Moving toward natural antioxidants in meat and poultry products

By Elizabeth Fuhrman
Rosemary Sprig and Essential Oil
April 23, 2019

The latest development for antioxidant ingredients used for meat and poultry products is a better understanding of how the animal proteins spoil and the development of antioxidant combinations for superior shelf-life extension.

“Fresh meat sausages are made from fresh comminuted meat from different sources, such as pork, chicken and beef, and are high in fat and, therefore, highly perishable even when refrigerated in oxygen semi-permeable packaging,” says Kantha Shelke, food scientist and principal of Chicago-based Corvus Blue, a food science and research firm. “Lipid oxidation, microbial growth and enzymatic autolysis, including proteolysis and lipolysis, are the three main mechanisms of spoilage with microbial growth as the predominant cause of spoilage for sausages.”

A natural blend of rosemary extract and buffered vinegar helps retain the color of sausages even after 14 days of refrigerated storage, inhibit growth of spoilage bacteria and deter lipid oxidation level, Shelke explains. Similarly, a blend of rosemary extract (0.5 percent) combined with buffered vinegar and rosemary extract (0.2 percent) combined with green tea are as effective in prolonging the shelf life of fresh sausage as are synthetic antioxidants such as BHA and BHT (0.02 percent based on fat content).

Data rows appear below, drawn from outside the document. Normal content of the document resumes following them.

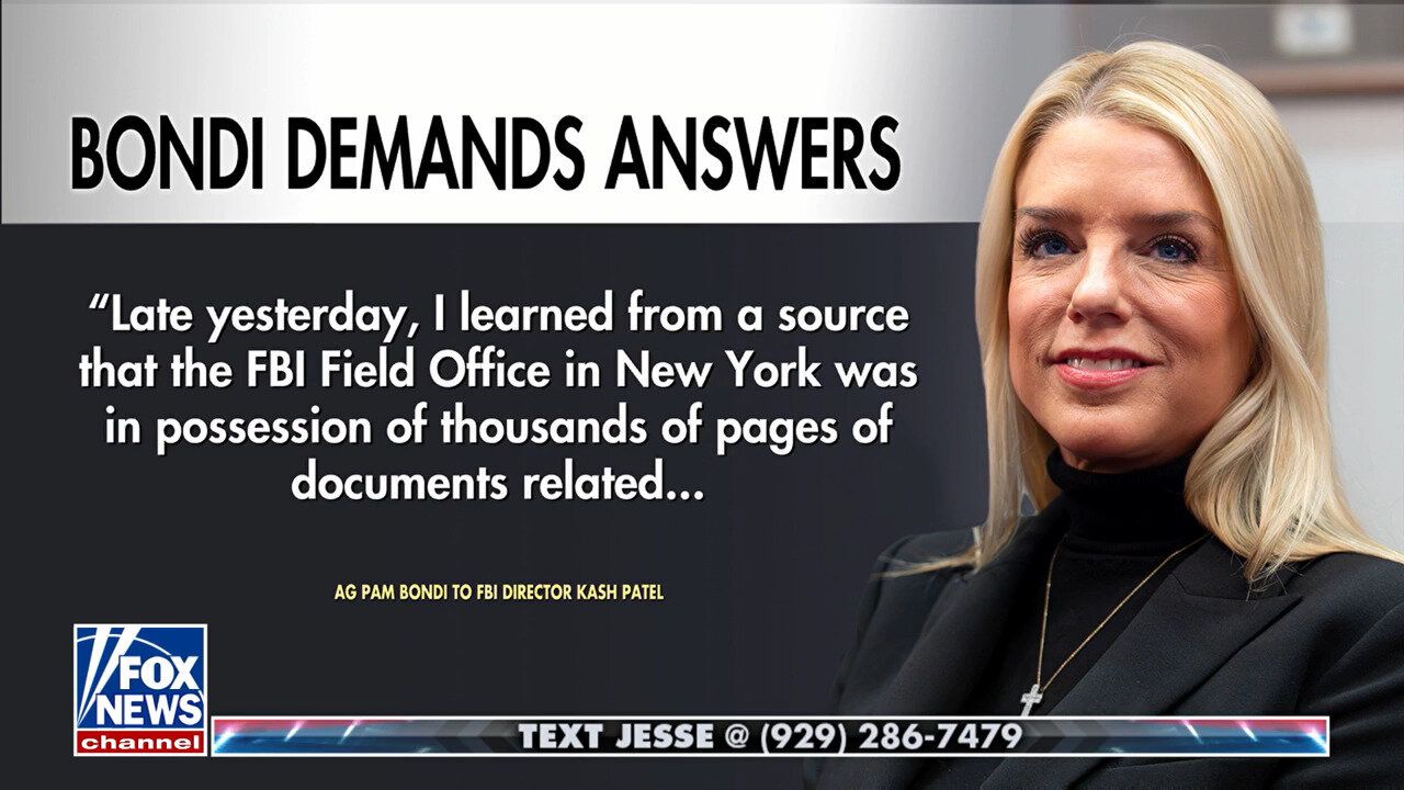 Pam Bondi Demands All Epstein Documents Be Released, Accuses FBI Of Withholding Files.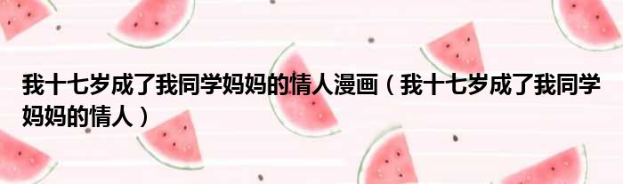我十七岁成了我同学妈妈的情人漫画(我十七岁成了我同学妈妈的情人)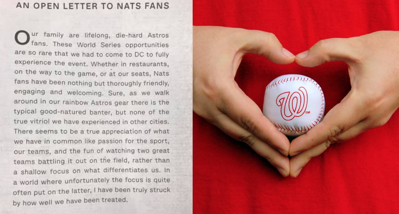 After the Washington Nationals baseball franchise lost three straight games on their home turf last weekend to their opponents, the Houston Astros, there was none of the toxic name-calling that made headlines in the political rags—at least, according to one Texas fan who wanted to thank the city for its cordial hospitality.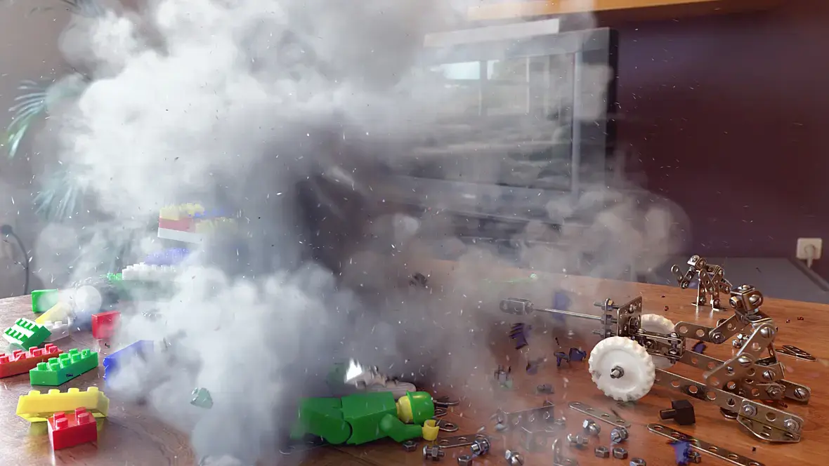 Добавил мелких частиц, типа мелкие осколки искры пыль.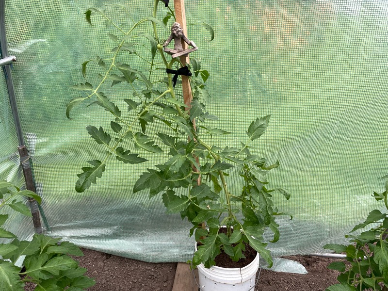 The 5 gallon bucket tomato has a pollination. Let�s see if we can get one to the scale this year.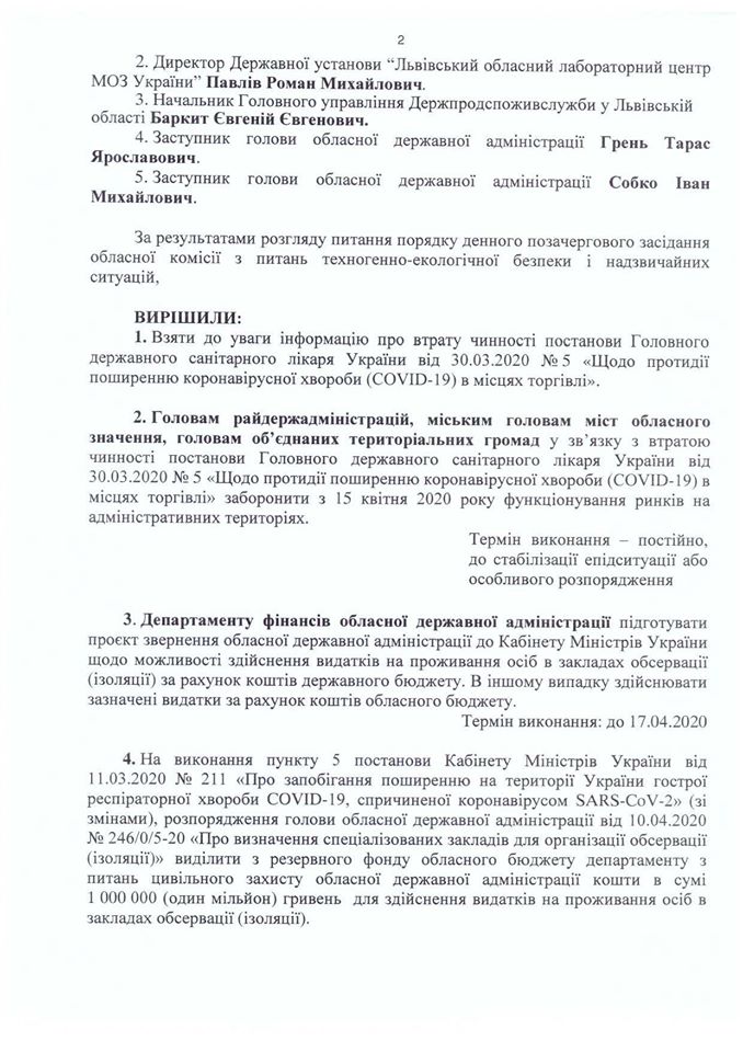 Головам райдержадміністрацій, міським головам міст обласного значення, головам об’єднаних територіальних громад заборонити з 15 квітня функціонування ринків на адміністративних територіях, – зазначено у протоколі засідання, прийнятому 15 квітня.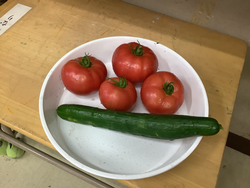 4月から個別支援学級で頑張って育てているトマトときゅうりがようやく収穫できました!

In addition, Americans shoppers associate redness with meat freshness. “Modified atmosphere packaging (MAP) is used extensively to preserve meat color and meat processors are finding that incorporation of rosemary extract alone could further improve the color and flavor stability of fresh meats packed under MAP condition,” Shelke says. 

Antioxidant combinations are particularly growing in meat and poultry products. For example, rosemary and acerola extracts, rosemary and vinegar, rosemary and green tea extract along with rosemary and cranberry extract are growing in popularity for extending shelf life and also providing additional color and flavor stability compared to rosemary extract alone.

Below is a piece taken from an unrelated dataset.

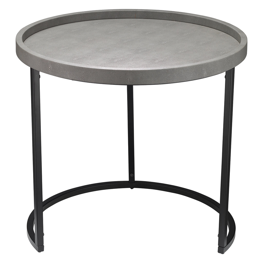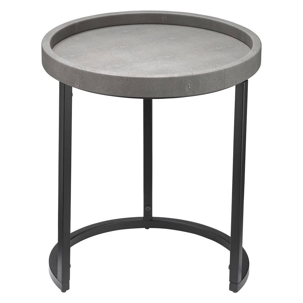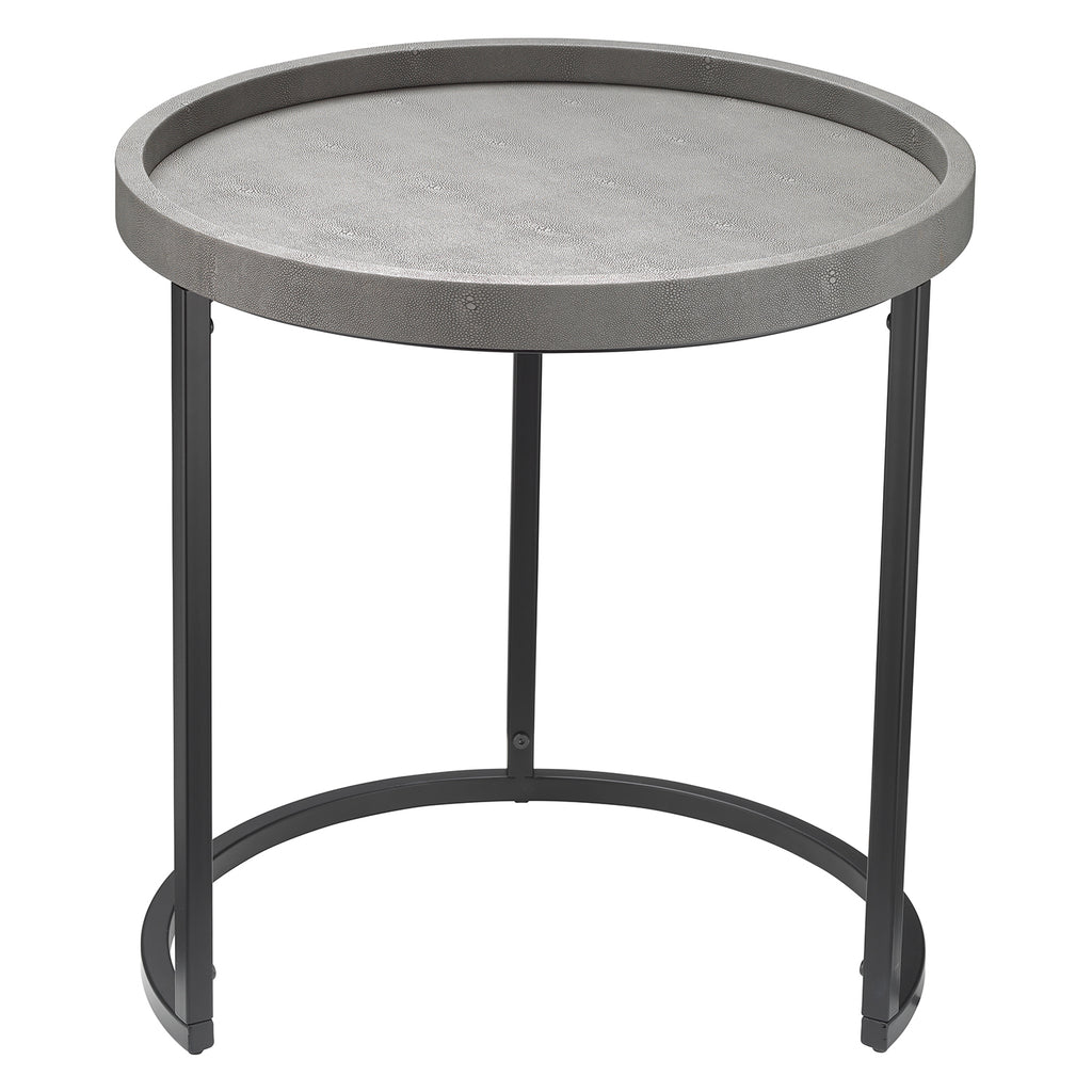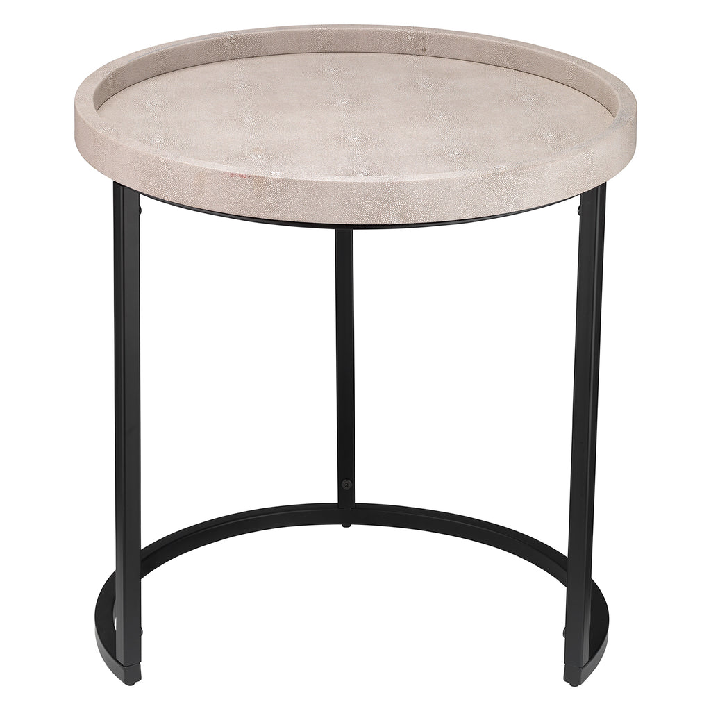 Shagreen is traditionally made from the richly textured skin of stingrays. It was popularized in Japan where it was used to wrap the handles of samurai swords, and in the centuries since it has adorned only the most luxurious home accents. Our cruelty free version of this material elevates the easy lines of the Maddox side tables. We include three nesting tables in the set. The half-moon bases are in black metal and a choice of cream or gray is offered for the tabletops.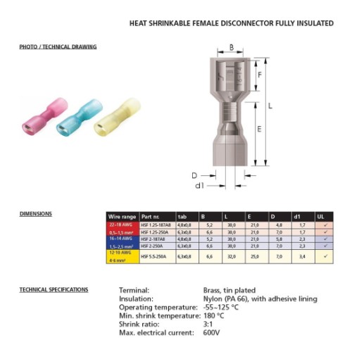 Erakordse isolatsioonivõimega kuuma-. külma- ja veekindlad termokahanevad juhtmeotsikud. Laius 6.6 mm. juhtmele 0.5-1.5 mm² (22-18 AWG). Materjal: polüamiid liimkattega (isolatsioon). elektrotinaga kaetud messing (juhtmeotsik). Kahanemissuhe 3:1. Kasutustemperatuur -55°C kuni +125°C. Min kahanemistemperatuur +180°C. Max pinge 600V. max voolutugevus 10A. Pakis 100 tk.

“These are becoming popular because of the health halo and clean label halo that these antioxidant-rich ingredients carry for clean label conscious shoppers,” Shelke says.

Wes Schilling, a professor of food science in the Department of Food Science, Nutrition and Health Promotion for Mississippi State University, agrees with Shelke’s assessment. He says for the past several years the latest developments include evaluating natural antioxidants for their ability to replace synthetic antioxidants and including natural antioxidants in an ingredient blend that is used to replace the functionality of phosphates in meat applications.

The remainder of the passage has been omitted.